GPER1-mediated anti-cardiomyocyte hypertrophy triggers autophagy. Western blot and quantitative analysis of cardiac LC3I and LC3II expression. Data are expressed as the mean±SEM (n=3). **P<0.01 versus control, ##P<0.01 versus Ang II, △△P<0.01 versus Ang II+G1. G1: a GPER1 agonist, G15: GPR30 antagonist, MK2206: protein kinase B inhibitor, Ang II: angiotensin II, microtubule-associated protein 1 light chain 3-II (LC3II), microtubule-associated protein 1 light chain 3-I (LC3I).

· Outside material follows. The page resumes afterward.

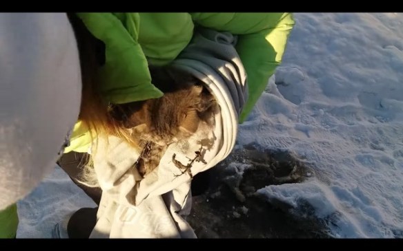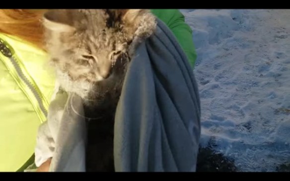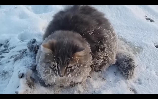 Ini tentang aksi kemanusiaan , seekor kucing terdiam tak bisa bergerak, dan ternyata perlahan membeku dlm suhu udara dibawah nol derajat.

Ang II-induced hypertrophy in neonatal cardiomyocyte has been commonly used as an in vitro model to study the mechanisms of cardiomyocyte hypertrophy [49-51]. However, the results from Ang II-induced hypertrophy in neonatal cardiomyocyte can be affected by the contamination of cardiac fibroblasts. Gray et al.  reported that Ang II stimulates myocyte hypertrophy might be due to the paracrine release of TGF-β1 and endothelin-1 from cardiac fibroblasts in a neonatal rat cell culture model. Future studies using adult cardiomyocytes are needed to confirm our findings in neonatal cardiomyocytes. We also realized another limitation of this study regarding the autophagy analysis. Cell autophagy was examined only by the method of Western blot, other methods, such as using electron microscopy, are planned in our future studies.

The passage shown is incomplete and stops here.